# [Exercise instructions]
Your copy must hold all of the data below, unchanged and without images.

# [Collected data]
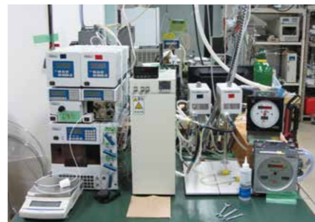
Fig. 3 Flow-type subcritical fluid separation apparatus

今年度は、化学物質の揮発性を表現する無次元数 apVP 値を導くことに成功した。また、eSPT-PR EoS という独自の視点からの状態方程式の開発にも成功した。その一方で、これまでの成果・業績をまとめた著書「広がる超臨界・亜臨界研究の世界～基礎的理論と解析～」も無事発刊することができた。この著書に基づき、教育研究活動にもこれから力を注いでいきたい。今年度も継続して、旧スミス リチャード研究室を修了した新潟大学 小松博幸 助教との共同研究を推進することができたことは大きな成果となった。
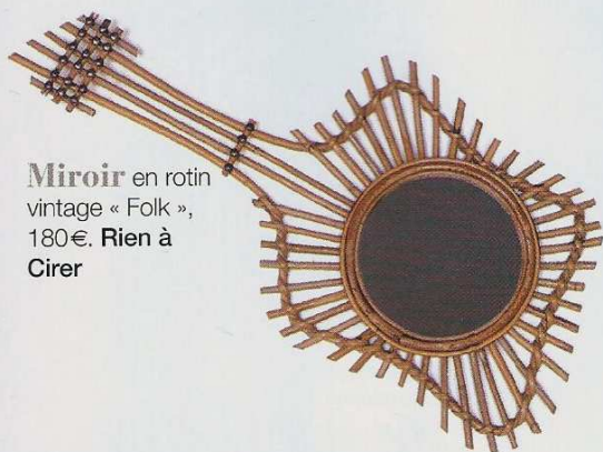
Miroir en rotin vintage « Folk », 180€. Rien à Cirer
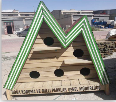
Resim 10. DKMP Kuş Evleri

# [Answer section]
Fig. 3 Flow-type subcritical fluid separation apparatus

今年度は、化学物質の揮発性を表現する無次元数 apVP 値を導くことに成功した。また、eSPT-PR EoS という独自の視点からの状態方程式の開発にも成功した。その一方で、これまでの成果・業績をまとめた著書「広がる超臨界・亜臨界研究の世界～基礎的理論と解析～」も無事発刊することができた。この著書に基づき、教育研究活動にもこれから力を注いでいきたい。今年度も継続して、旧スミス リチャード研究室を修了した新潟大学 小松博幸 助教との共同研究を推進することができたことは大きな成果となった。
Miroir en rotin vintage « Folk », 180€. Rien à Cirer
Resim 10. DKMP Kuş Evleri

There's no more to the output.